Elim lebih lanjut mengilustrasikan pendekatan APP terhadap keberlanjutan dengan merinci Visi Peta Jalan Keberlanjutan 2030, yang dibangun berdasarkan tiga pilar inti: dekarbonisasi produksi dengan tujuan mencapai emisi nol bersih pada tahun 2050, penerapan pengelolaan hutan lestari, dan mendorong keterlibatan masyarakat melalui program seperti DMPA inisiatif yang diluncurkan pada tahun 2015.
Ia menekankan pentingnya investasi besar, termasuk hampir $200 juta USD untuk pengelolaan kebakaran hutan terpadu dan $10 juta USD untuk program masyarakat yang bermanfaat bagi 441 desa. Menyoroti peran kolaborasi, Elim mengatakan, “Kami tidak dapat mengatasi semua tantangan sendirian, jadi kami berkolaborasi dengan mitra ahli untuk memitigasi risiko dan mendorong dampak yang berarti,” memperkuat perlunya kemitraan untuk mencapai tujuan iklim dan keberlanjutan bersama.
- Membuat terobosan baru dalam pendanaan iklim
Pada sesi kedua mengenai Investing in a Green Tomorrow through Energy Transition, Elim, bersama Geoffrey Seeto dari New Forests, Dharsono Hartono dari Kamar Dagang dan Industri Indonesia (Kadin), dan Clea Kaske-Kuck dari WBCSD, mendalami aspek finansial dan kebijakan tantangan transisi menuju perekonomian rendah karbon, khususnya di Indonesia. Diskusi tersebut menyoroti perlunya solusi pendanaan inovatif, seperti obligasi ramah lingkungan dan pendanaan iklim, untuk mendorong dekarbonisasi sekaligus memastikan inklusivitas.

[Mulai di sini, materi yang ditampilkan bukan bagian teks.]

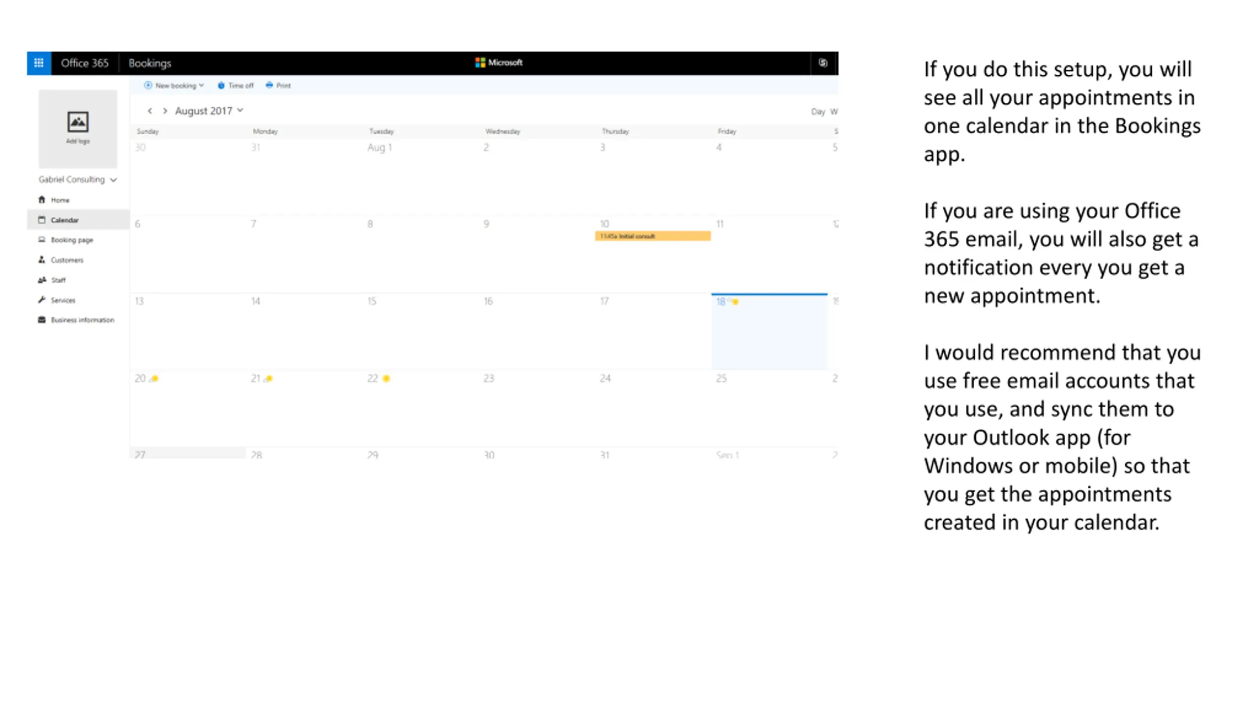 If you do this setup, you will see all your appointments in one calendar in the Bookings app. If you are using your Office 365 email, you will also get a notification every you get a new appointment. I would recommend that you use free email accounts that you use, and sync them to your Outlook app (for Windows or mobile) so that you get the appointments created in your calendar.
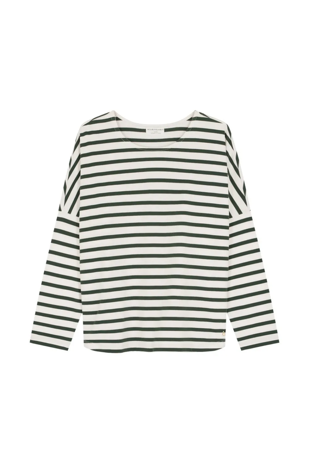 Incontournable Des Petits Hauts, notre iconique marinière Filly confirme séduit saison après saison. Déclinée dans des coloris coordonnés à la collection et moddernisée par une coupe oversize, elle est accessoirisée d’une jolie broche.• Marinière oversize manches longues• Encolure ronde dégagée• Emmanchures décalées• Base fendue• Broche incluse différente en fonction des coloris• Coton Oeko-Tex epais et respirant • Coloris Écru et Épicéa : un blanc écru et un vert foncé• Modèle dessiné à Paris par notre styliste• Longueur : 60 cm pour une taille 1• Josie mesure 1m77 et porte une taille 1• Conseil style : portez-la avec le jean mum louisette 1 et la veste en jean Loubia pour un look décontracté

Elim menguraikan pendekatan APP dalam memobilisasi sumber daya untuk transisi energi berkelanjutan, menyoroti peran penting kemitraan antara pemerintah, dunia usaha, dan lembaga keuangan. Ia menekankan bahwa dekarbonisasi bukan sekedar target, namun merupakan tanggung jawab kolektif yang memerlukan investasi berani dan tindakan terkoordinasi. Sesi ini memberikan wawasan yang dapat ditindaklanjuti oleh para pemangku kepentingan, mulai dari rekomendasi kebijakan hingga strategi untuk meningkatkan investasi ramah lingkungan.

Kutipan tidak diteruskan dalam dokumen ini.